Il primo rumore fu un crack indistinto. Jim lo sentì, ma rimase concentrato sulla scena di sesso della sua serie tv. Il protagonista, un guerriero vichingo, copulava con una schiava dai capelli neri e i due si amavano, si baciavano, si possedevano. Mentre sentiva l'eccitazione salire in tutto il corpo, sentì qualcosa sbattere sul vetro della finestra di camera sua. Era adagiato su un grande pouf verde che utilizzava come seduta per guardare la tv, nella mano destra aveva una lattina di cola semivuota e alla sua sinistra un piatto quasi vuoto di nachos freddi e con formaggio rattrappito aspettava di essere mangiato. Fu il terzo rumore che lo convinse ad alzarsi dal pouf. Fu come...una voce. Maschile, di rimprovero, come se qualcuno lo stesse giudicando per qualcosa che aveva fatto. Jim accusò un piccolo senso di inquietudine, che si tradusse nella sua voglia immonda di chiudere le finestre con tanto di ferretto. Appoggiò le mani sul telaio, poi deglutì. Si voltò di spalle e solo in quel momento lo sentì arrivare. Fu un insieme di sensazioni contrastanti e versi coperti. Qualcosa lo aggredì alle spalle dopo aver rotto in mille pezzi i vetri della finestra, non era un uomo, ma un animale, qualcosa di piccolo. Trovò la forza di girarsi e di rimanere in piedi e in un nanosecondo li vide: gli occhi scuri e asettici di un corvo lo fissavano con malizia. Fu solo per un momento, perché la zampa sinistra del rapace lo ferì a un occhio, tranciandone parte della pelle attorno alla palpebra. Jim urlò di dolore, un urlo straziante che lo fece capitolare a terra. Colpì il duro pavimento e la sua schiena sembrò ribellarsi, ma il corvo non aveva finito, il corvo voleva ancora continuare a fargli del male. Vi si accanì contro, beccandolo sulla testa e sugli zigomi, provocando ferite larghe e rivoli di sangue gocciolanti. Poi, quando capì che il volto del ragazzo era fin troppo rovinato per continuare, passò allo stomaco. C'era così tanta carne che il corvo trovò pace nel beccargli l'ombelico e il resto del torace. La porta della camera si aprì, i genitori di Jim entrarono e furono allibiti dal vedere quello spettacolo. Suo padre, quando urlò verso il corvo per spaventarlo, sentì gelare le sue emozioni: il corvo gli rivolse lo stesso sguardo rivolto a suo figlio e gracchiò forte, fortissimo, così forte che la madre di Jim scoppiò in lacrime.
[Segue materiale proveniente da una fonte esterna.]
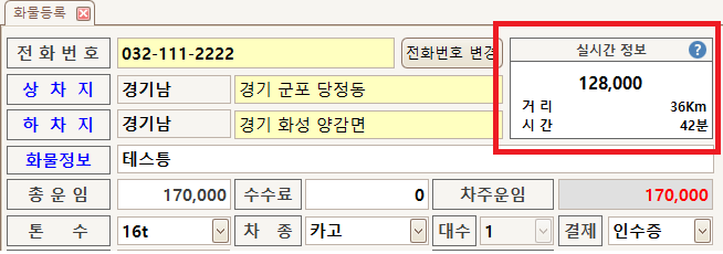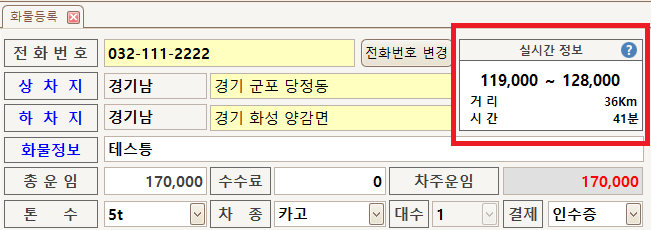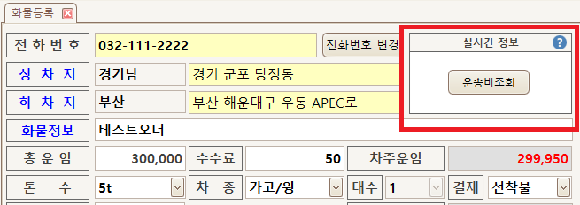 *운송비조회 버튼 클릭 시 추천운임 정보 표현 (표현방법은 위 내용과 동일)
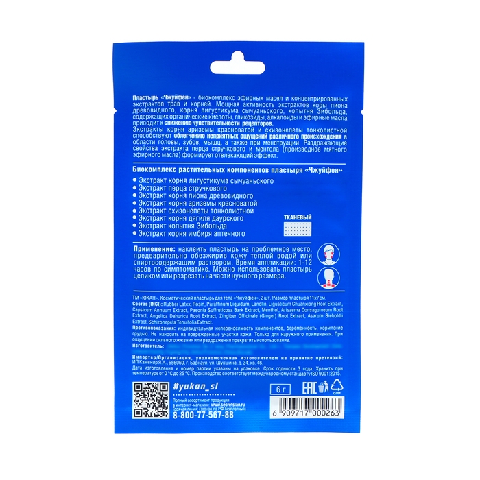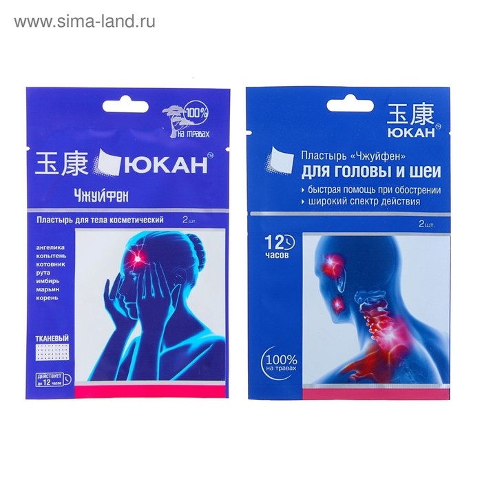Пластырь "Юкан - Чжуйфен", обезболивающий, тканевый, для головы и шеи, 2 шт
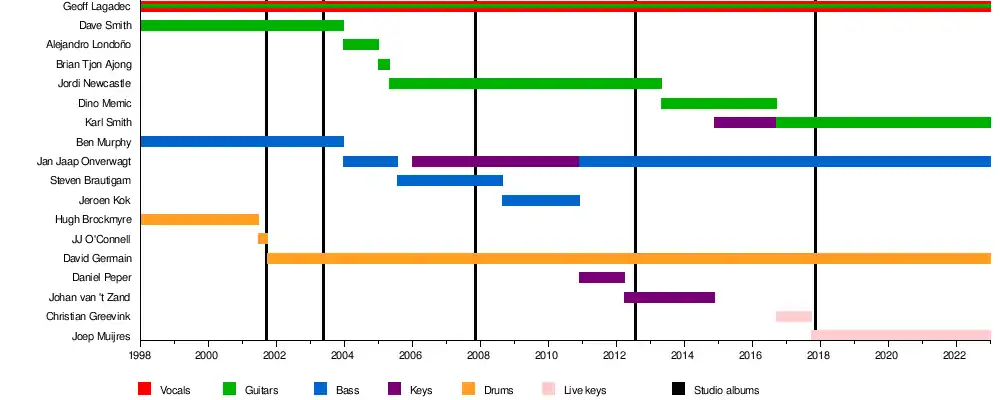 Past members | Ben Murphy Dave Smith Hugh Brockmyre JJ O'Connell Ausberto Acevedo Alejandro Londoño Brian Tjon Ajong Jordi Newcastle Steven Brautigam Jeroen Kok Daniel Peper Johan "Leon" van 't Zand Dino Memic |
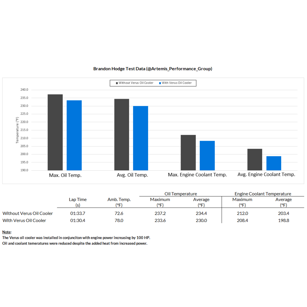 Through on-track data with a variety of drivers, we found the oil cooler to work very well on the car, dramatically reducing both oil and coolant temperatures and improving overall cooling efficiency.
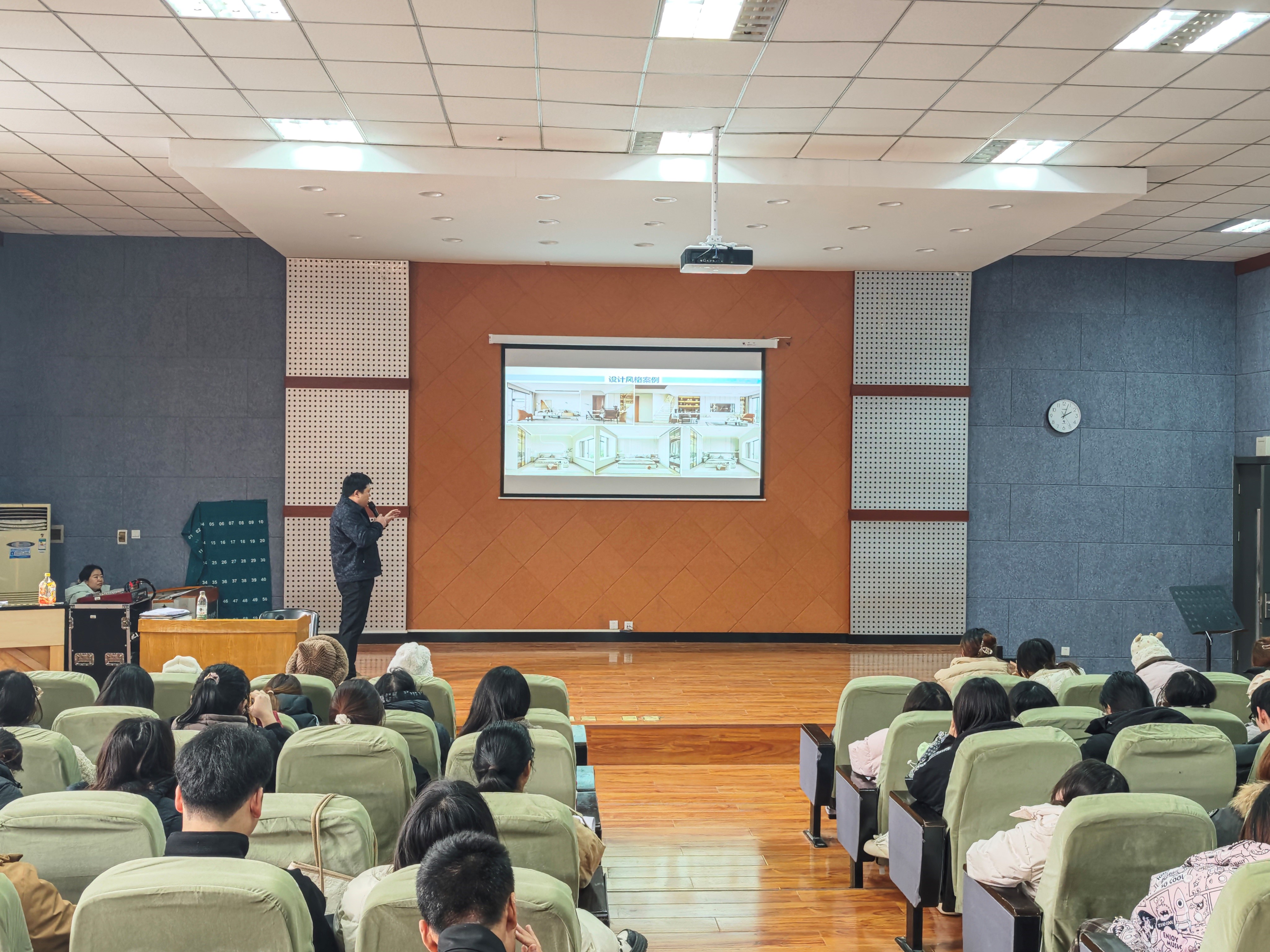 张红增员工首先进行了简单的自我介绍;随后,张红增员工结合自己多年的创业经历与大家分享了:设计是什么?设计的起源、设计与绘画、设计与生活、怎样算好的设计。接着他讲述了不同职业群体的需要的设计风格和设计风格的案例分析。他从基层岗位做起,一步一个脚印,逐步积累经验,拓展人脉资源,最终实现了自己的职业目标。他紧接着讲述了施工流程、毛胚房装修的全流程,他还向同学们展示了施工工艺和施工现场照片。他还分享了自己在实习期间如何积极主动地向同事请教,如何在项目中不断学习和成长的经历,鼓励同学们勇敢地迈出实践的第一步。
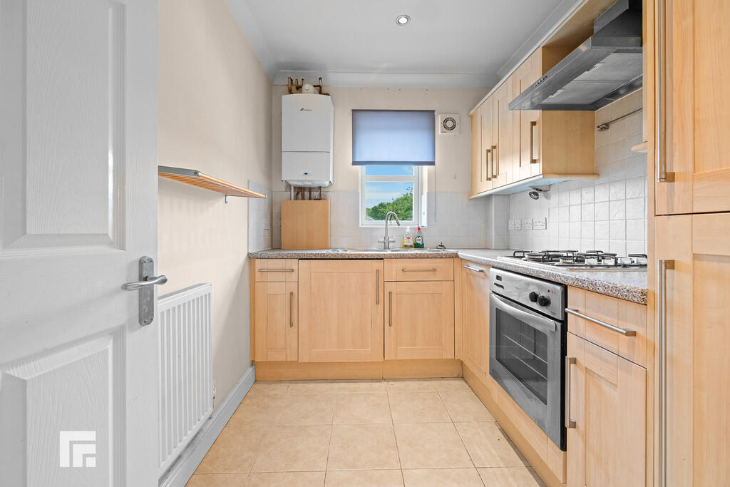 KITCHEN8' 5" x 6' 5" (2.59m x 1.97m) Separate kitchen. uPVC double glazed window to side. The kitchen is fitted with base and eye level units incorporating stainless steel sink and drainer with complementary work surfaces. Fitted electric oven with four ring gas hob and extractor hood over. Integrated fridge/freezer and washer/dryer. Tiled splash backs and flooring. Wall mounted gas central heating Combi boiler. Radiator. Extractor fan. Spotlights.
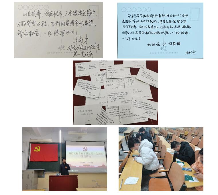 活动中,支部书记丰习才结合自身经历与指导往届学生成功上岸的经验,分别从今年和往年的报考形势、考前最后一周的复习建议、心态调整以及考前安全等方面为学生进行了讲解。丰老师嘱托大家近期一定要查漏补缺,提高复习效率,重点关注自己之前不会的和错过的题目;丰老师用自己的亲身经历讲述调整心态的重要性,告诫大家要稳住心态,全力以赴,相信自己的复习成果,相信大家所具备的能力;同时,丰老师还提醒大家关注身体健康,近期流感盛行,医院人满为患,周围的人纷纷感冒发烧,作为考研人,一定要好好预防,多注意休息,合理安排作息时间,加强自身免疫力。接下来,支部党员齐心协力为测绘20-1、2、3班考研同学在明信片上写上自己的祝福语,测绘学院张红霞书记、20级毕业班辅导员李瑜婷等老师,一起为考研的同学送上祝福。
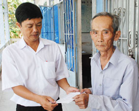Cán bộ văn phòng UBND xã Trường Long, huyện Phong Điền trao tiền của bạn đọc Báo Cần Thơ gởi ủng hộ ông Huỳnh Ngọc Điệp ở ấp Trường Phú B.
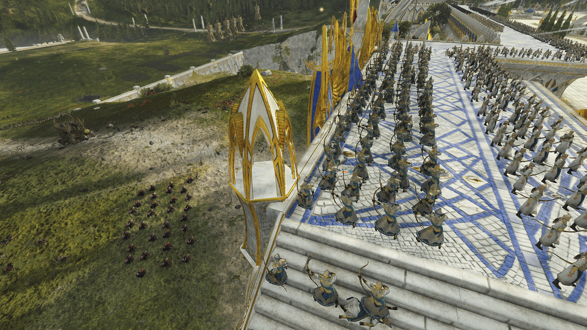 Ogni unità di Alti Elfi (non le loro creature, e fatta eccezione per i carri) ottiene un ingente bonus alle abilità di attacco e difesa corpo a corpo fino a che la loro salute è superiore al 50%. Le unità di élite hanno un’abilità simile che offre bonus ancora più grandi alle stesse condizioni. - Regole speciali di fazione:

«Tesoro!» urlò sua madre, un urlo disperato di chi sa di non poter intervenire per salvare da un aggressione il proprio bambino.
«Cosa sta succedendo?!» gridò suo padre, rosso in viso, con le mani grosse a gesticolare. Era inspiegabile.
Non era una creatura normale, niente era normale in quella casa, ma quel corvo era di gran lunga la cosa più spaventosa che avessero mai visto in vita loro. Si fermò dopo qualche secondo, fuoriuscendo dalla finestra, con le piume coperte di schizzi di sangue. Jim era a terra, inerme, con un occhio pulsante e il volto tumefatto dal corvo. Un respiro sottile.
Fu l'unica cosa che sapeva di vita.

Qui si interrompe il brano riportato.